What you are asked to do
Copy every line of the data exactly, keeping out any picture.

Exercise data
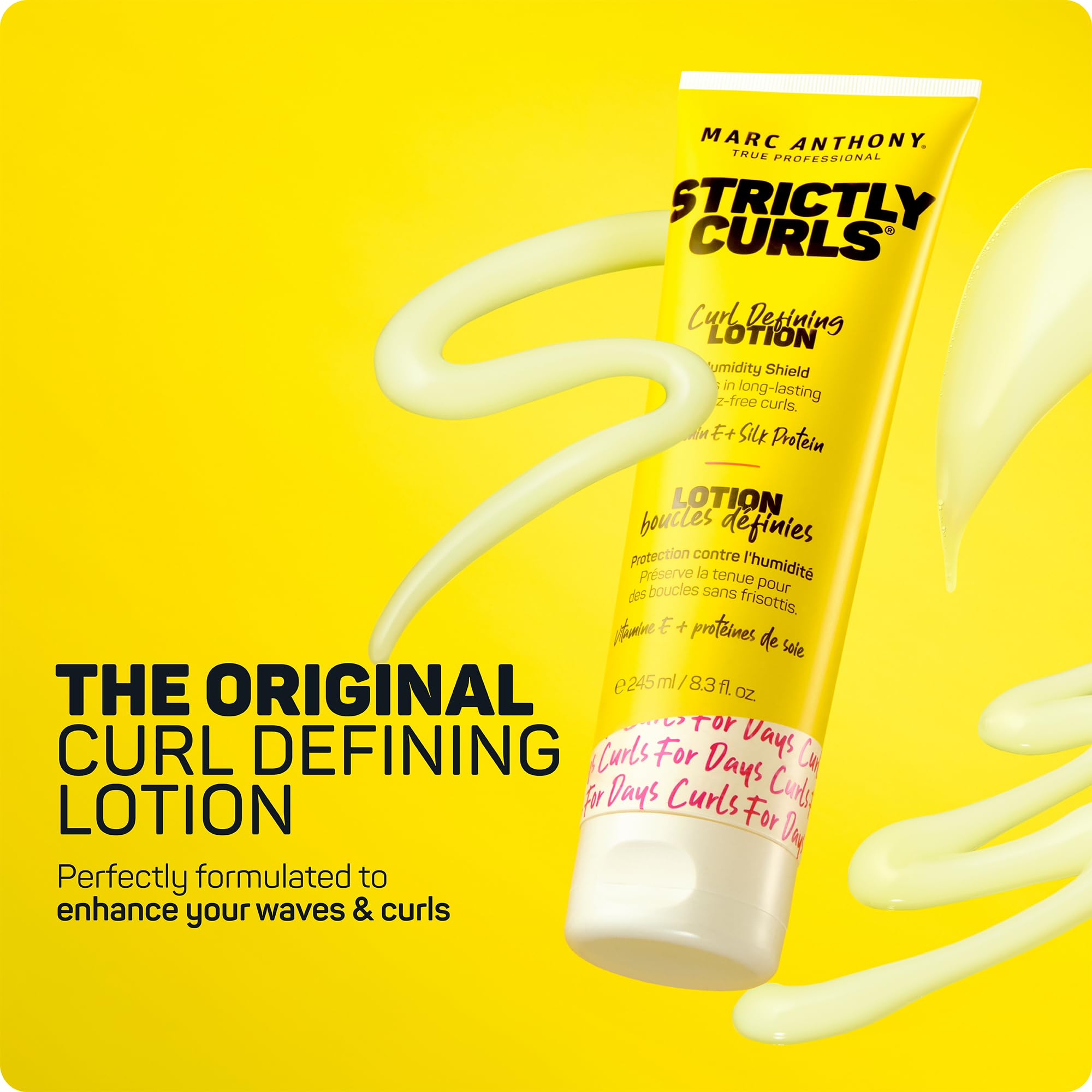 Product Description Strictly Curls Curl Defining Lotion: No weight, no stickiness. Crafted with Vitamin E and Silk Proteins, this defining lotion from Marc Anthony is known to create maximum definition while leaving your curls bouncy, frizz-free, and soft to the touch. Lock in the shape and shine for your best curls yet. 8.3 fl oz. Brand Story By Marc Anthony
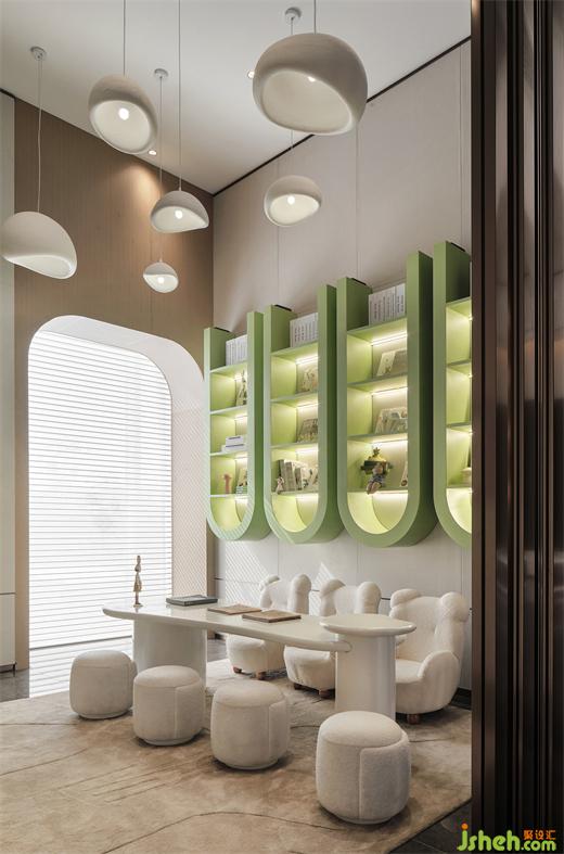 書吧區(qū)中,MDG融合邳州歷史典故以及項目LOGO提煉創(chuàng)造出IP設計“騎燕精靈”,精靈與燕子組合展現(xiàn)的靈巧的飛行姿態(tài)傳遞出這座城市的勤勞,勇敢和進取的古城精神,售樓處設計共同營造出充滿希望與朝氣的書吧場景。
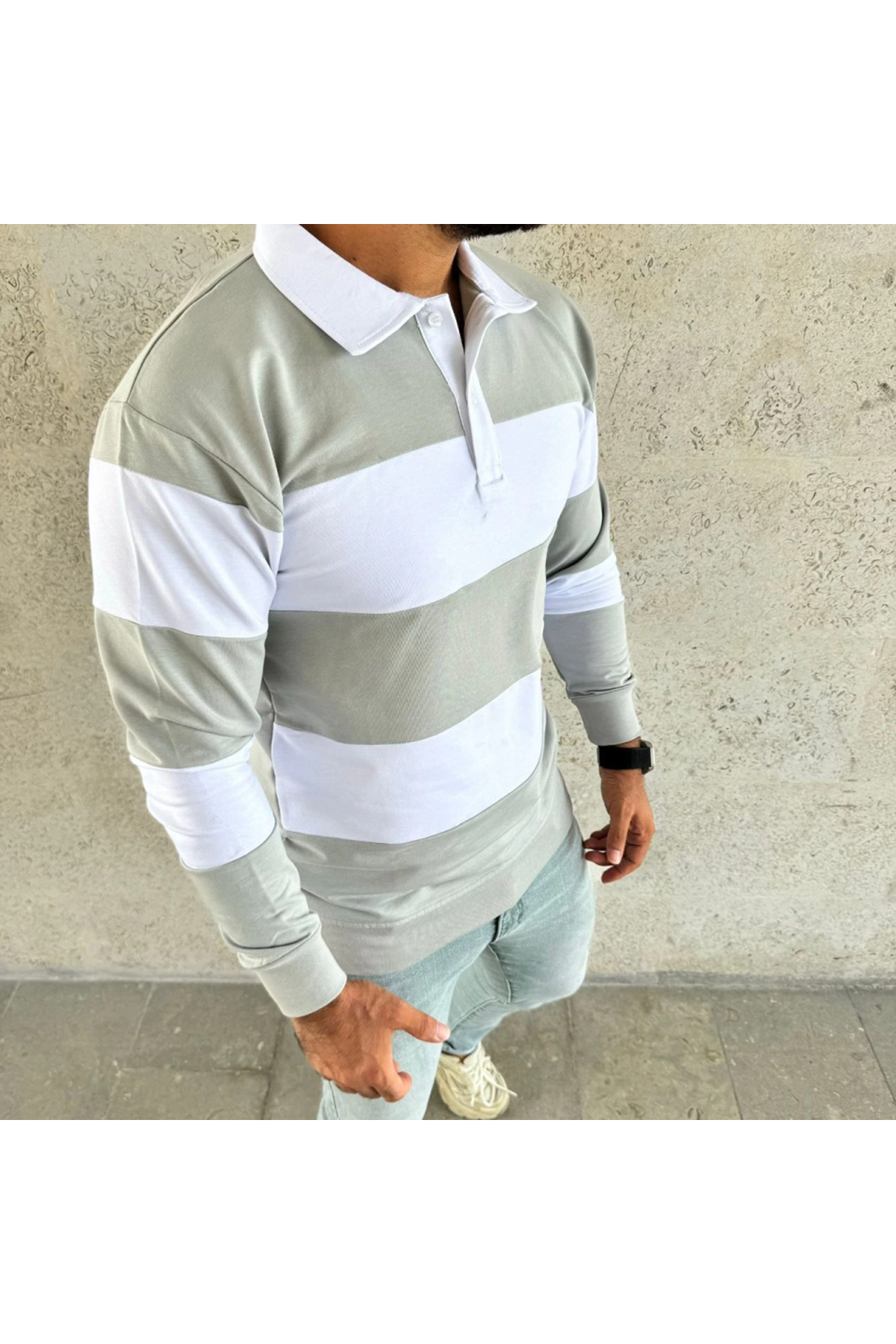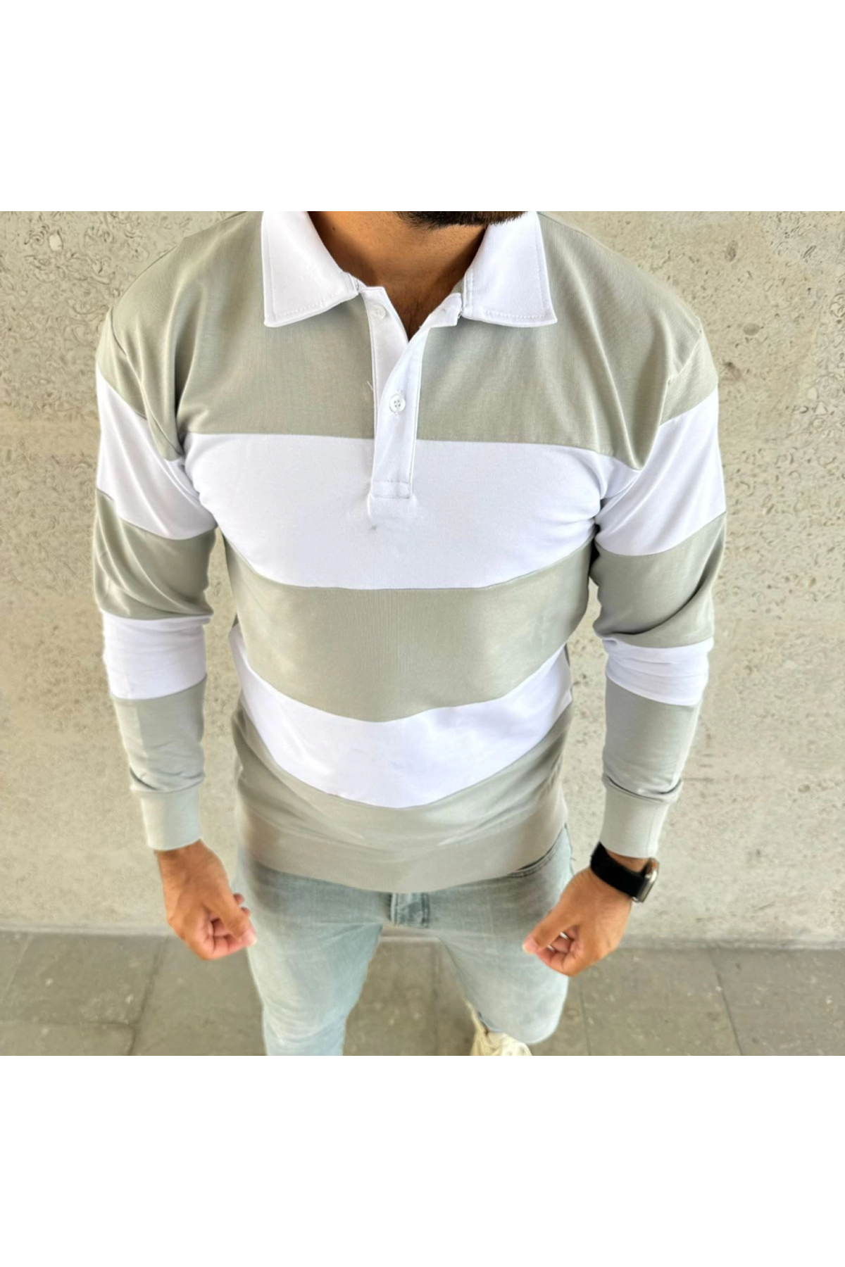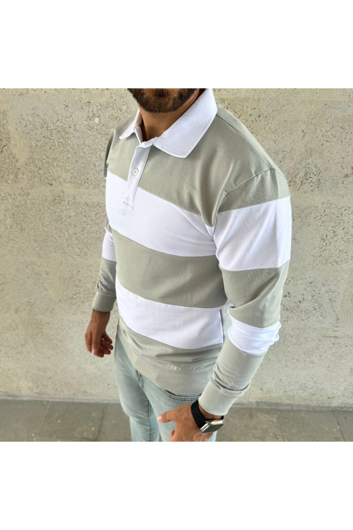 Erkek Polo Yaka Uzun Kollu Çizgili Sweatshirt Trend Rugby Stil - Mint Yeşili

Exercise answer
 Product Description Strictly Curls Curl Defining Lotion: No weight, no stickiness. Crafted with Vitamin E and Silk Proteins, this defining lotion from Marc Anthony is known to create maximum definition while leaving your curls bouncy, frizz-free, and soft to the touch. Lock in the shape and shine for your best curls yet. 8.3 fl oz. Brand Story By Marc Anthony
 書吧區(qū)中,MDG融合邳州歷史典故以及項目LOGO提煉創(chuàng)造出IP設計“騎燕精靈”,精靈與燕子組合展現(xiàn)的靈巧的飛行姿態(tài)傳遞出這座城市的勤勞,勇敢和進取的古城精神,售樓處設計共同營造出充滿希望與朝氣的書吧場景。
 Erkek Polo Yaka Uzun Kollu Çizgili Sweatshirt Trend Rugby Stil - Mint Yeşili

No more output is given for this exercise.